GRGR Re: Drugs in Pynchon's fiction

rj rjackson at mail.usyd.edu.au
Fri Oct 22 20:50:29 CDT 1999


Doug Millison <millison at online-journalist.com>:

> For the record, I didn't originate the Nazi label.  "Karl Bopp, former Nazi
> Luftwaffe officer and subsequently userful American citizen" (VL 221) and
> "Kommandant Bopp all over the local news [...] often in Nazi drag" (VL 222)
> is how TRP describes this marijuana fighter.

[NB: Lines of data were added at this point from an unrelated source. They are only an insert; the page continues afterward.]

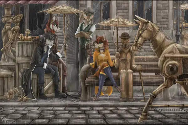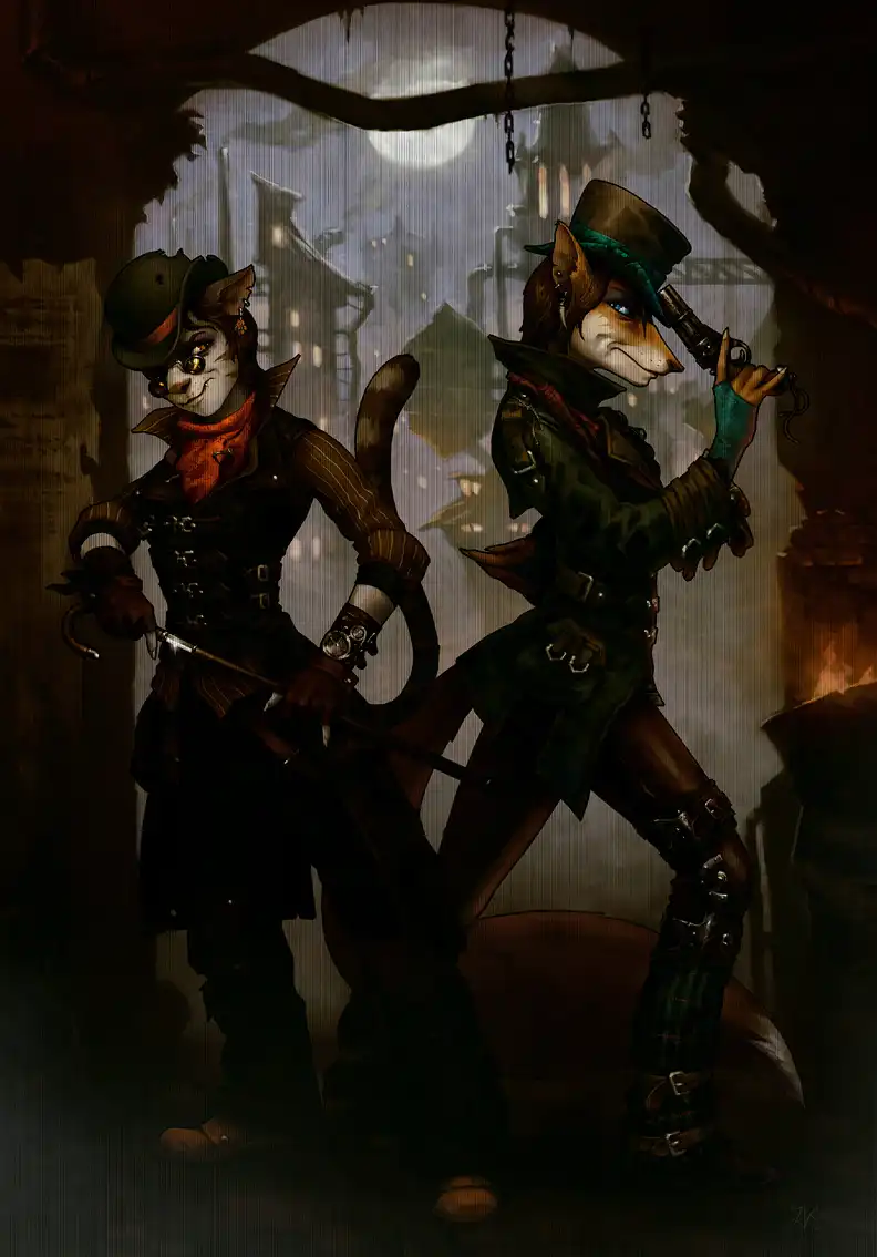 Фурри, от английского furry (пушистый), это антропоморфные животные. Но, несмотря на, казалось бы, очевидное, не только лохматые персонажи попадают в категорию "пушистиков". Это могут быть, например, антро-змеи, антро-ящеры, антро-птицы, антро-драконы и все в таком виде. Это само по себе очень милое и красивое явление. А в купе со стимпанком порождается очень интересный симбиоз этих двух стихий.
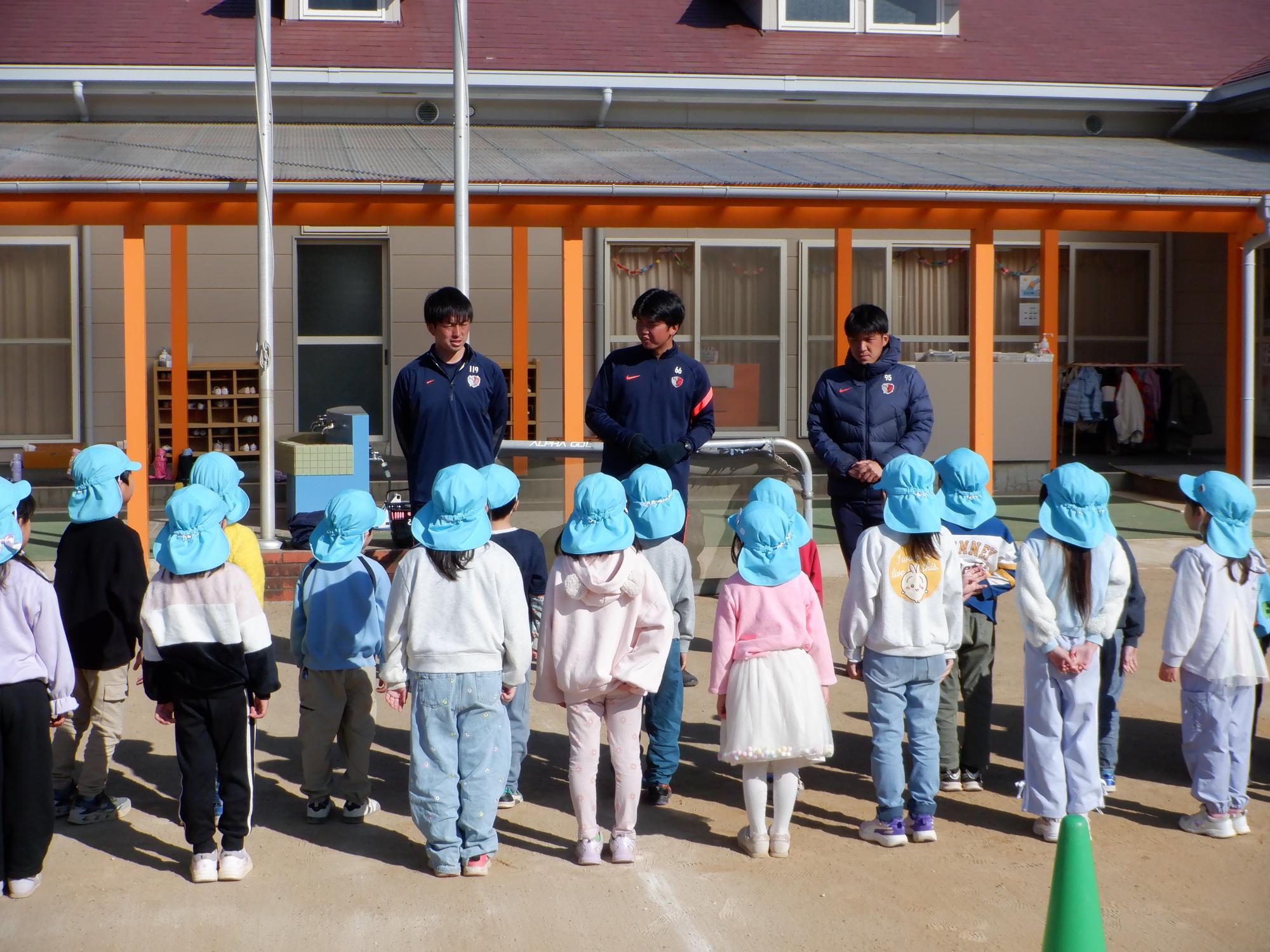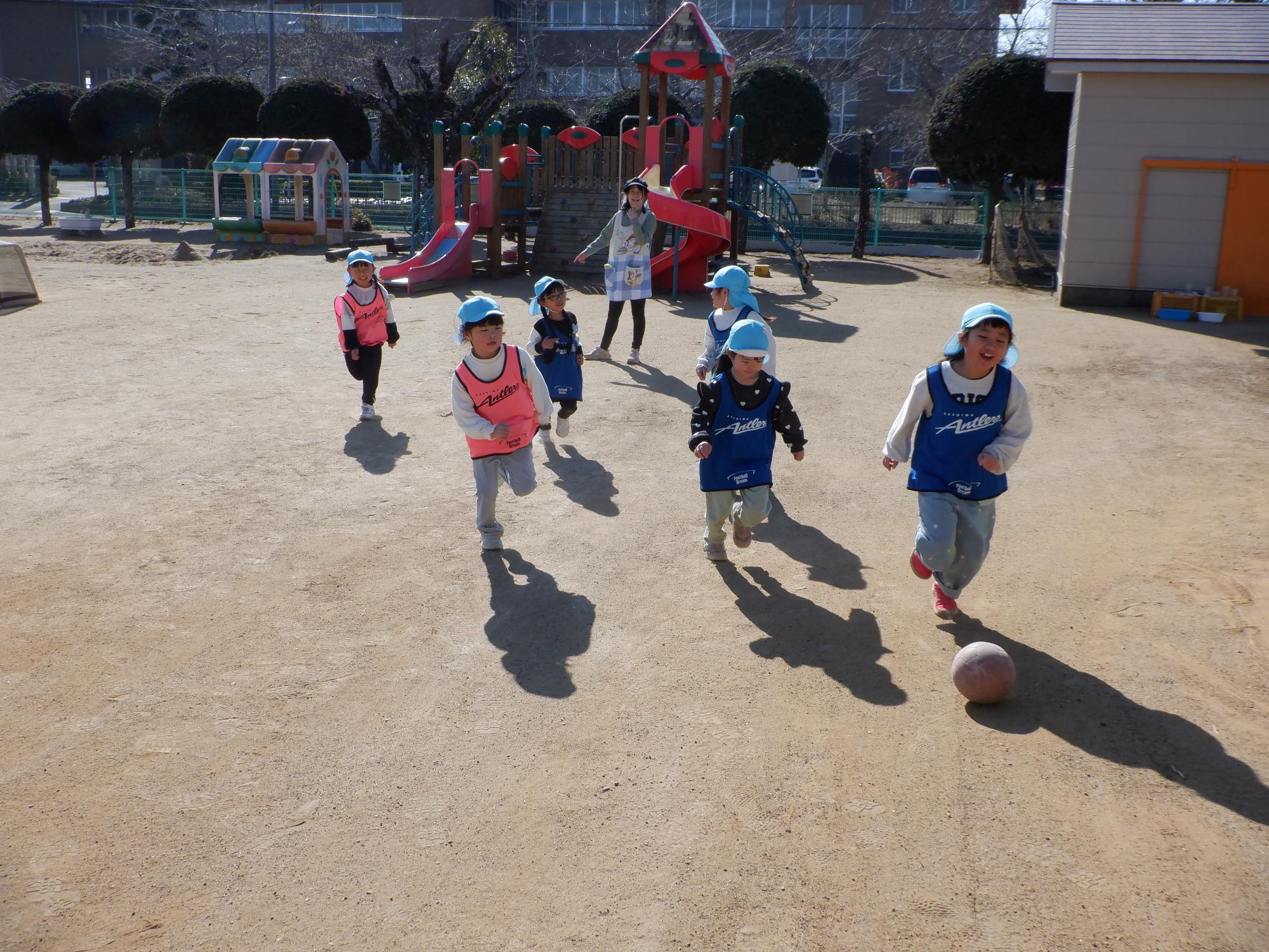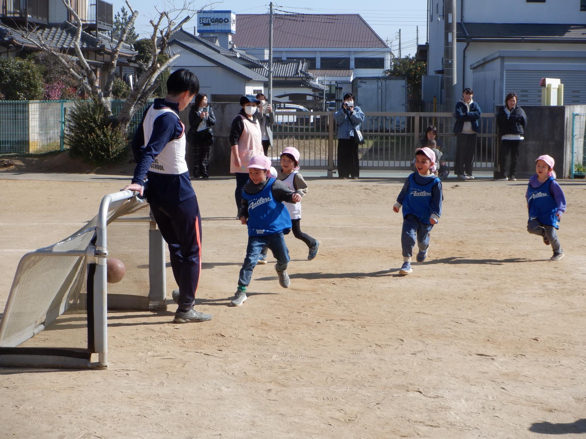 2月4日(水曜日)第3回サッカー教室を行いました。講師の先生はアントラーズのコーチ3人です。今回は本年度最後のサッカー教室です。3名のコーチは園児が楽しんでサッカーができるように工夫して指導してくださいました。ボールを使った準備運動、ボール慣れ、ドリブル、リレー、ミニゲームなど、たくさんの動きを教えていただきました。子ども達は、園庭いっぱい、懸命にボールを追いかけていました。参観された保護者の皆様、応援ありがとうございました。
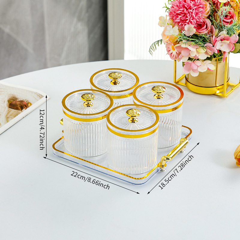 • 투명 원형 캔 4그리드 트레이-T 골드 손잡이
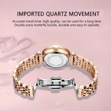 Discover a watch that combines modern style with classic sophistication. This luxury women’s quartz watch is designed to make every moment shine, featuring a stainless steel band, diamond-accented details, and a sleek round dial. Whether you’re heading to the office, enjoying a casual outing, or dressing up for a special evening, this watch adds the perfect finishing touch to your look.
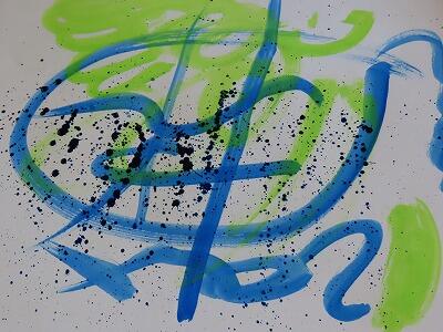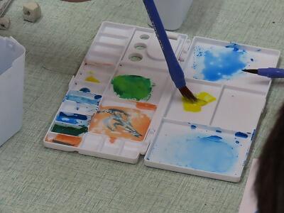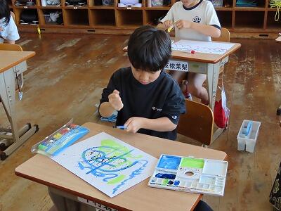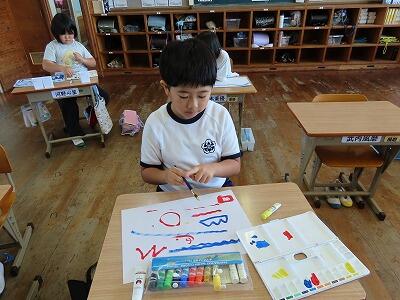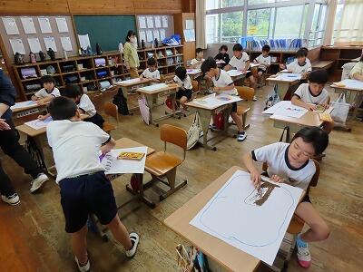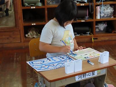 まずは、先生と筆の使い方、色の出し方等をしっかり学習。
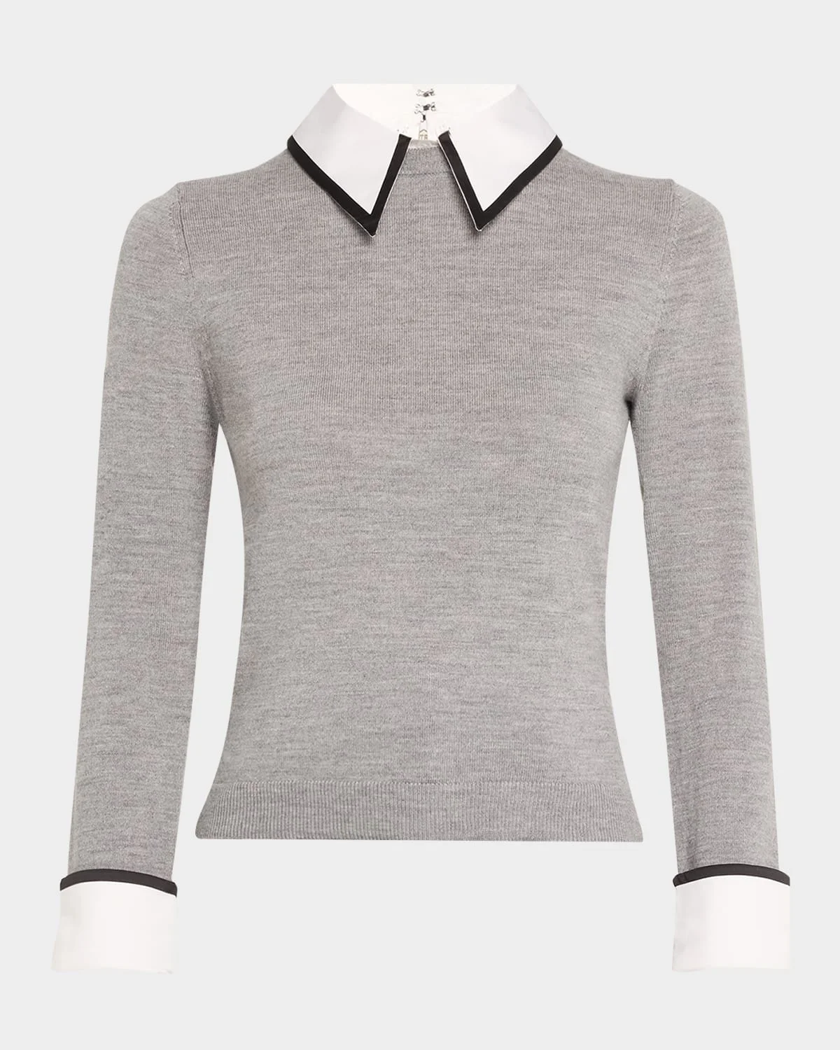 - Alice + Olivia "Porla" sweater adorned with a detachable contrasting collar - Crew neckline - Long sleeves; contrasting cuffs - Hip length - Slim fit - Exposed back zipper - Wool/elastane - Dry clean - Imported - Model is 5'10"/177cm. - Size Note: Item runs small, consider ordering a size up.
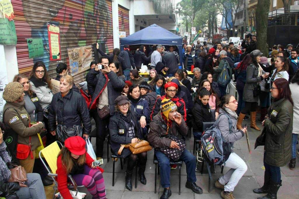 Servidores municipais realizaram um protesto na manhã desta segunda-feira na Capital. Eles concentraram-se em frente ao prédio da Secretaria Municipal de Educação, localizado na rua dos Andradas, no Centro, e impediram a entrada de colegas e funcionários terceirizados. Para marcar o 14º dia de greve da categoria, os municipários simularam aulas na calçada em frente ao local e exibiram cartazes.
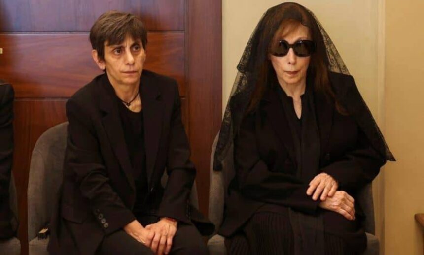 توكأت «سيدة الصباح» على ابنتها الصغرى ريما الرحباني، من زوجها الموسيقار الراحل عاصي الرحباني.
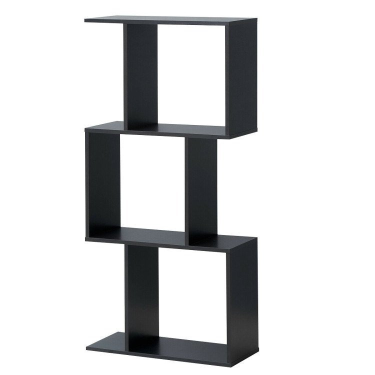 Home > 2/3/4 Tiers Wooden S-Shaped Bookcase for Living Room Bedroom Office
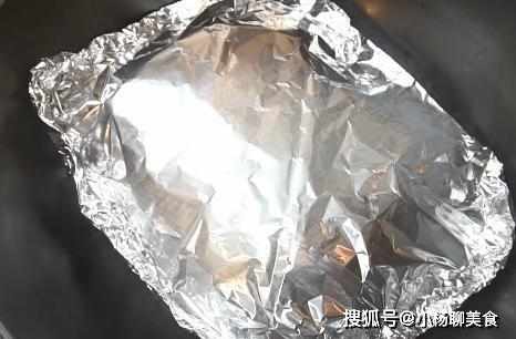 牛肉鋪好後,把錫紙折起來,收口往裏卷,這樣湯汁就不會漏出來。然後把包好的牛肉,放進鍋裏,蓋上蓋子,用中火燜10分鐘。
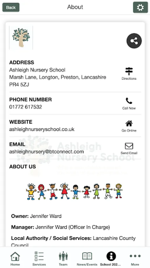 Owner: Jennifer WardManger: Jennifer Ward Local Authority / Social Services: Lancashire County CouncilNumber of Staff: 24Service Offered: Day Nursery (Privately Owned), Open all year, Full Day CareTotal Places for Children: 72Age Range: from 6 months to 5 yearsOpening Days: Mon-FriOpening Hours: 0745-1730When Closed: 1 wk Christmas
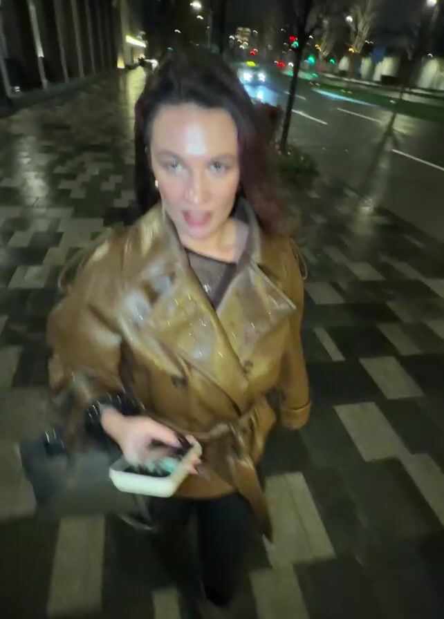 A woman with long brown hair is walking down a city sidewalk at night. She is wearing a shiny brown leather jacket, black pants, and carrying a small gray purse. She is also holding a smartphone in her hand and looking at the camera. The sidewalk is made of patterned square stones. The street is visible on the right, with cars and streetlights. The weather seems wet, as the pavement appears damp and reflective.
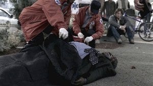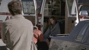 A medic checks out Sam’s shoulder, Dean hovering protectively. Tracy watches from another ambulance, but avoids looking at Andy.
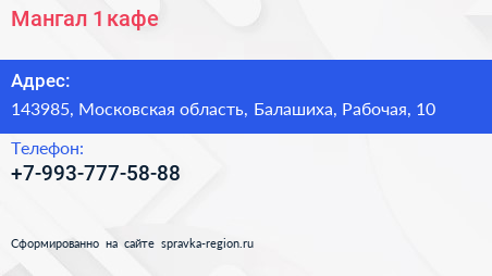 Мангал №1, кафе по адресу 143985, Московская область, Балашиха, Рабочая, 10 в дальнейшем Организация, размещена в следующих категориях:
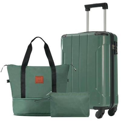 CAVINAS 3-Piece ABS Luggage Set(20/24/28), Lightweight Hardside Suitcase with Spinner Wheels and TSA Lock for Vacation, Business Travel, Green
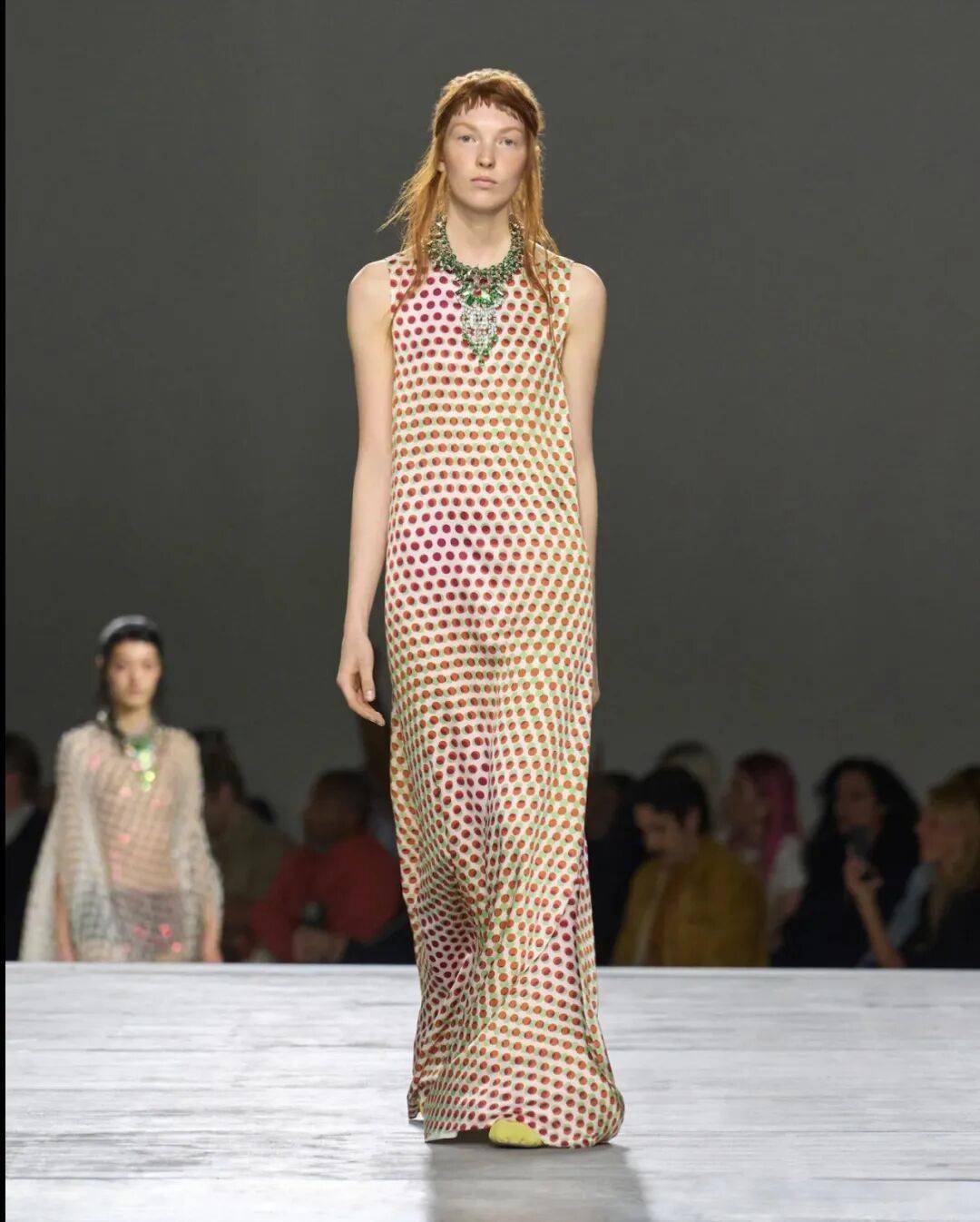 发布会谢幕之际,秀场里响起Lady Gaga的著名舞曲作品《Just Dance》(混音版本),模特仿佛开启夜间的“派对舞动模式”,也成为这场视觉戏剧的点睛之笔。
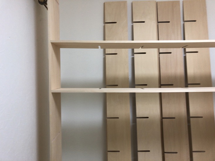 横板を全て設置したら、後ろに準備した縦板を切り込みに合わせて入れ込んでいきます。
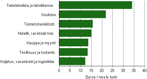 Työnvälityksen ja henkilöstön hankinnan toimialalle kuuluvat yritykset saivat työvoiman vuokrauspalveluista eniten liikevaihtoa myytyä tuntia kohden vuokratessaan henkilöstöä tietotekniikkaan ja tietoliikenteeseen liittyvään työhön. Toiseksi eniten liikevaihtoa myytyä tuntia kohden yritykset saivat vuokratessaan henkilöstöä koulutukseen liittyviin työtehtäviin. Vähiten liikevaihtoa myytyä tuntia kohden kertyi henkilöstön vuokrauksesta kuljetukseen, varastointiin ja logistiikkaan.

Yes, yes, *Bopp* is a "former" Nazi, however, "CAMP Nazis" is what you
wrote. There is no textual evidence in *VL* to say that the "infamous
federal-state" (49) CAMP organisation, or that "private vigilante squad
of student antidrug activists, retired military pilots, government
advisers in civvies, off-duty deputies and troopers" (221) who are
contracted to do the fieldwork, are Nazis. (A simple case of mistaken
attribution here.)

> a
> tough time finding instances in TRP's fiction where he associates fascists
> and particularly Nazis with anything recognizable as "good", Blicero
> included.

Rilke? 

> For my money, TRP illustrates very well the 60s doper mentality -- mindful
> of the dangers of excess and the way that drugs have been bent to unsavory
> goals, yet understanding and even encouraging their positive benefits of
> subversion, insight, and liberation.

Yes, I agree with the last part here, but I don't think moderation, or
even awareness of the dangers of excess, are ever a part of the 60s
doper mentality as Pynchon represents it. Neither Zoyd nor Slothrop are
fully "good"; and their drug excesses are one point where this
equivocality of characterisation is manifest (imo).